### DATA TO USE
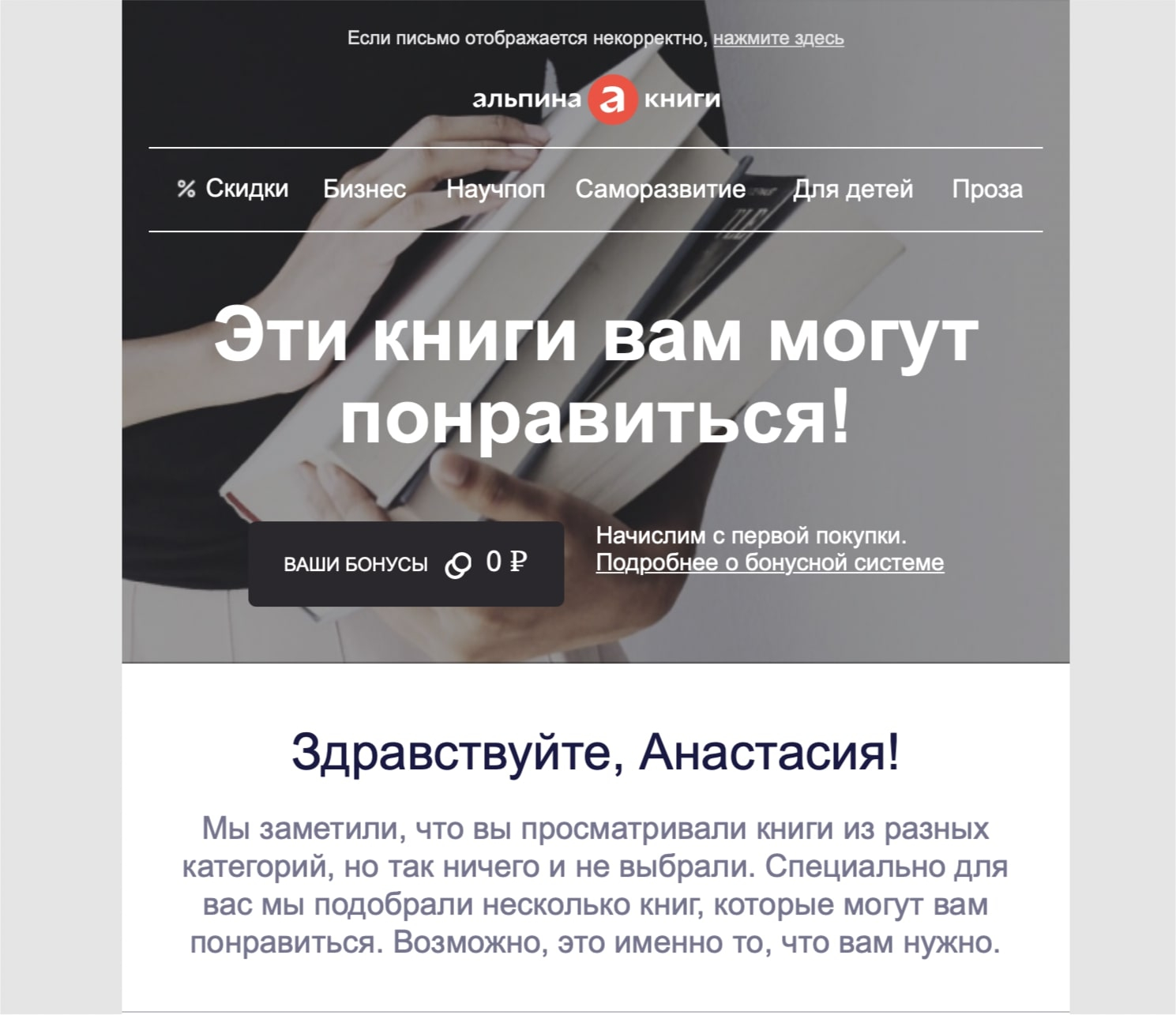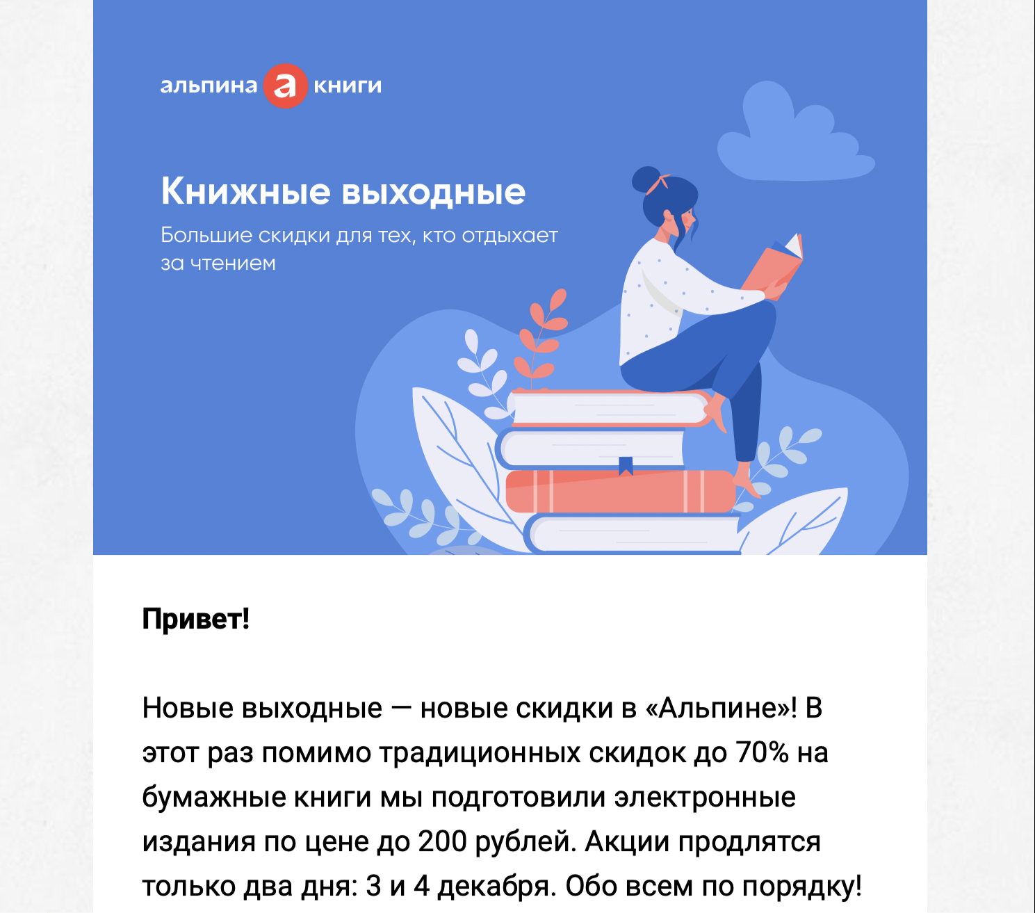 Эти письма тоже про скидки, но обычно сообщения информируют клиентов о снижении цен на группу товаров. Например, маркетинговая рассылка от книжного магазина рассказывает о снижении цены на 1300 книг, а минимальная стоимость начинается от 200 рублей. Это мотивирует клиента зайти на сайт и посмотреть варианты по скидке.
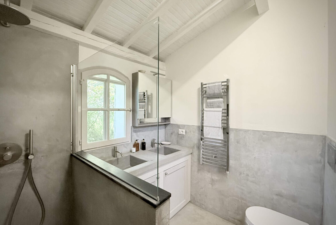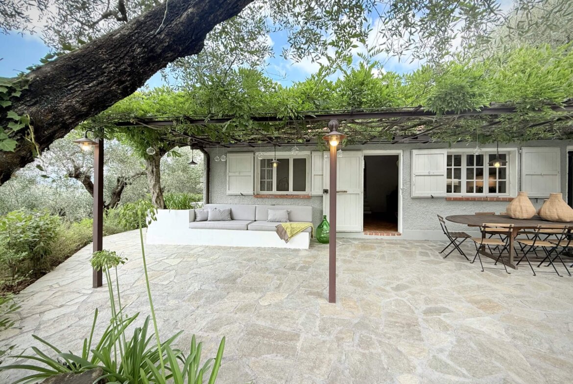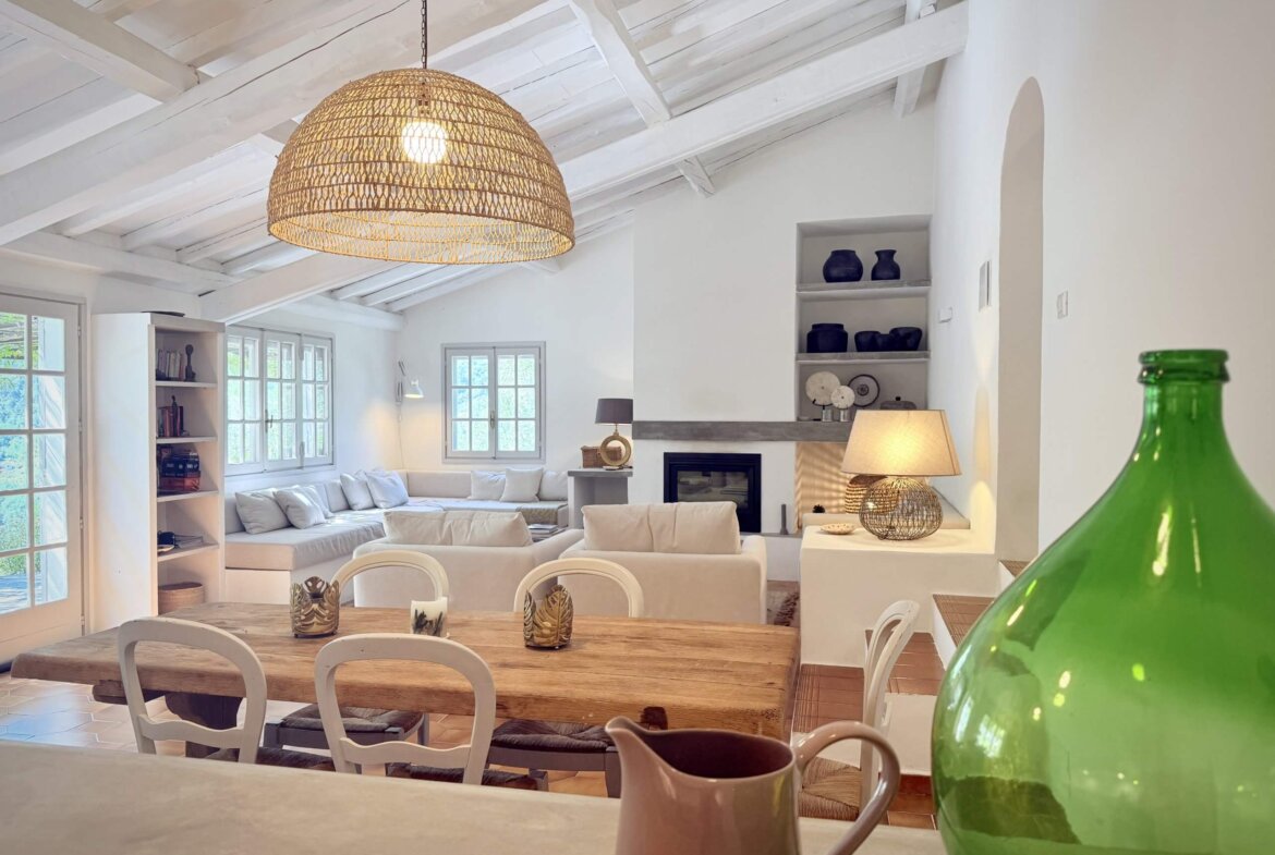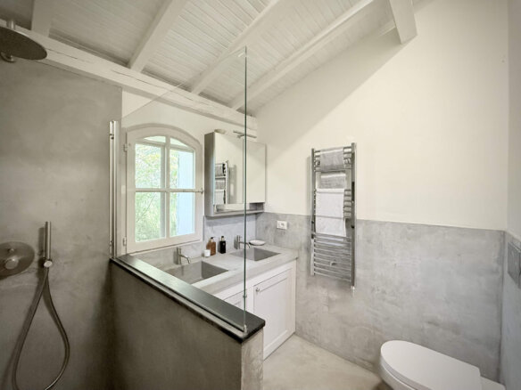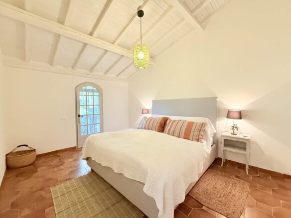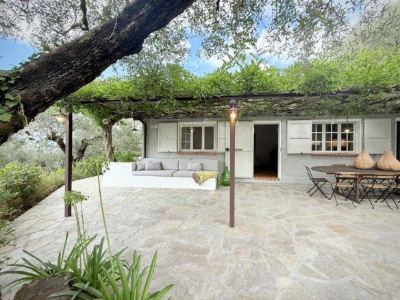 The estate extends over approximately 8,400 m² of terraced, fenced land with an olive grove and comprises two independent houses with a total of 6 bedrooms and 5 bathrooms. Both houses have been recently refurbished in a modern country style, featuring a palette of whites and subtle greys. The bathrooms are designed with a contemporary, understated aesthetic that blends harmoniously with the overall modern design. The property not only offers beautifully landscaped outdoor spaces but also presents numerous development opportunities, such as the potential construction of a swimming pool.
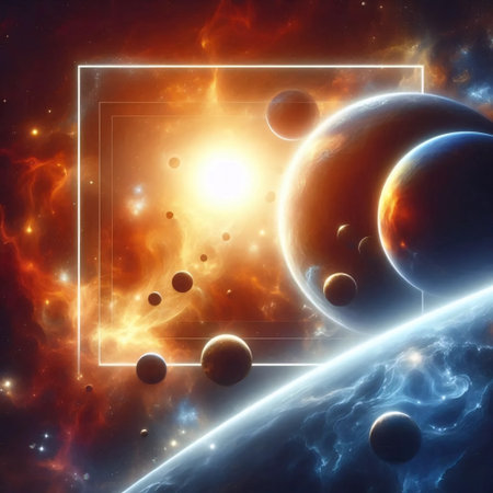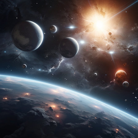 Vibrant celestial scene showcasing planets swirling around a luminous sun amid the vast darkness of interstellar space, evoking wonder and exploration
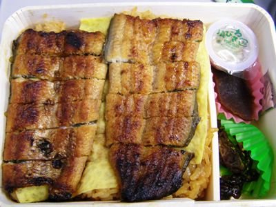 浜松駅の「自笑亭」で買った駅弁「濱松うなぎ飯」を食べて名古屋には12時10分着。
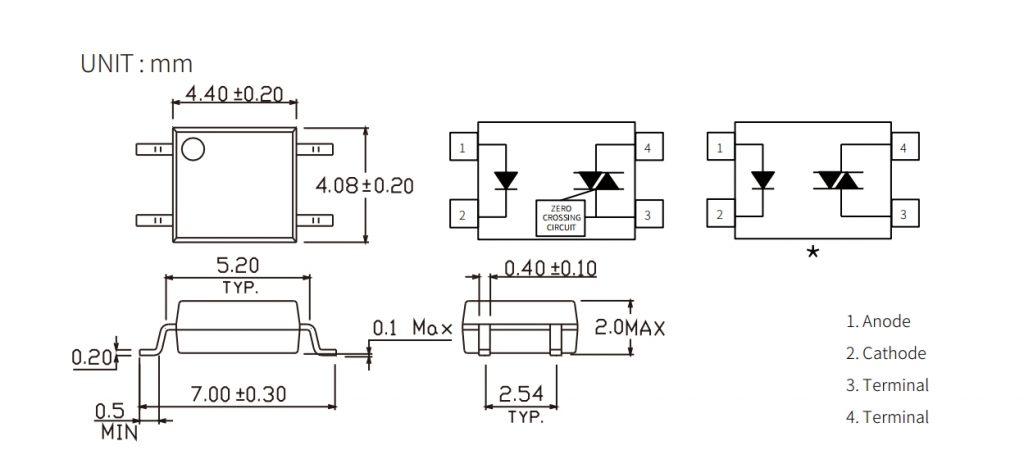 Product Package size(LxWxHmm) VF(V) VDRM(Max) (V) VTM(V) VINH(V) IT (rms)(mA) IFT(mA) Topr (Min) (degC) Topr (Max) (degC) Viso (Vrms)
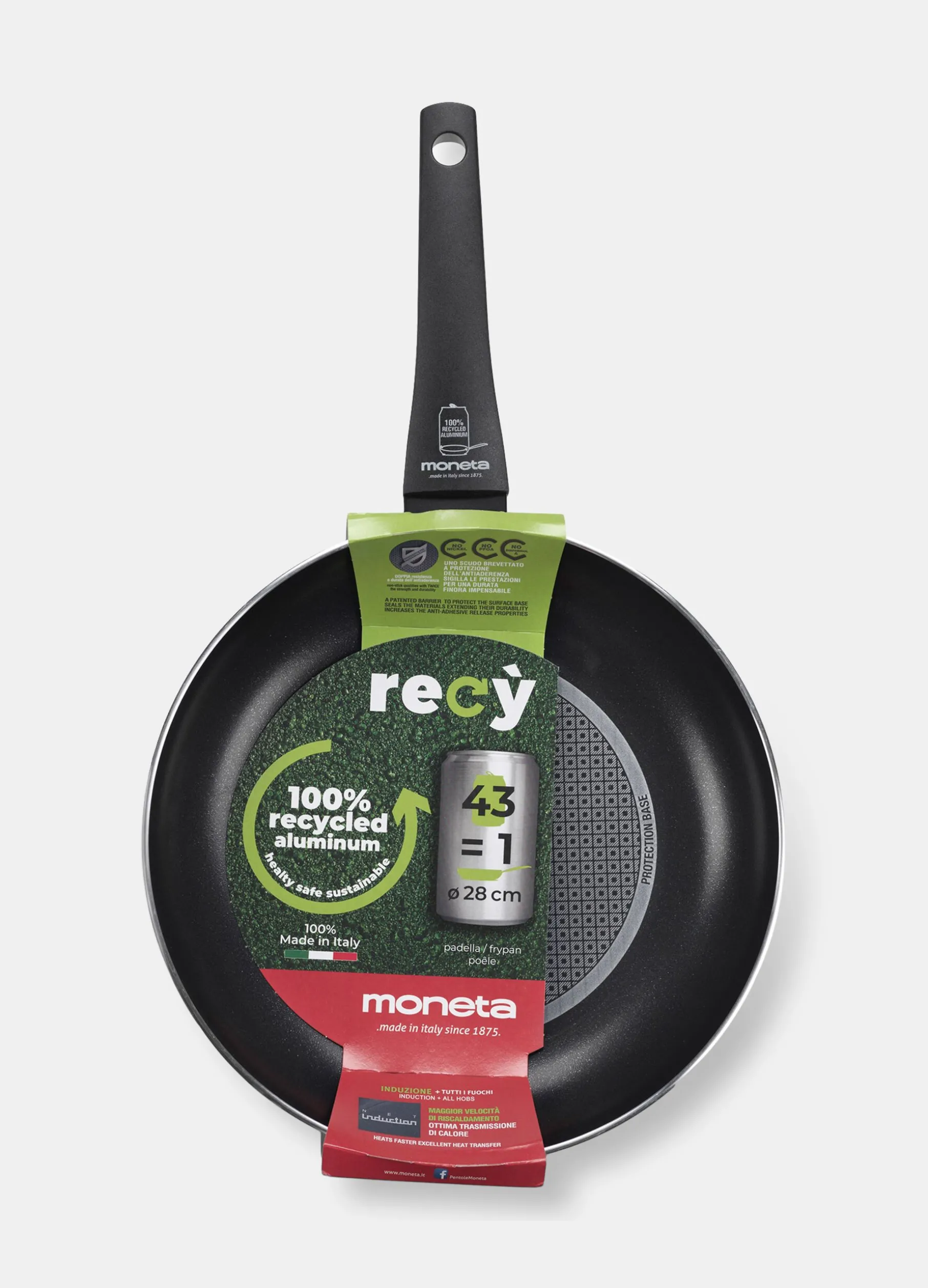 Padella Recy con corpo in alluminio 100% riciclato, ideale per tutti i piani cottura compreso quello ad induzione. Dimensioni 37×7.5×20.5 cm. Made in Italy.
######
Only the lines from the one containing "浜松駅の「自笑亭」で買った駅" through the end of the listing should be output, word for word and inclusive; keep pictures out.

EXPECTED ANSWER:
 浜松駅の「自笑亭」で買った駅弁「濱松うなぎ飯」を食べて名古屋には12時10分着。
 Product Package size(LxWxHmm) VF(V) VDRM(Max) (V) VTM(V) VINH(V) IT (rms)(mA) IFT(mA) Topr (Min) (degC) Topr (Max) (degC) Viso (Vrms)
 Padella Recy con corpo in alluminio 100% riciclato, ideale per tutti i piani cottura compreso quello ad induzione. Dimensioni 37×7.5×20.5 cm. Made in Italy.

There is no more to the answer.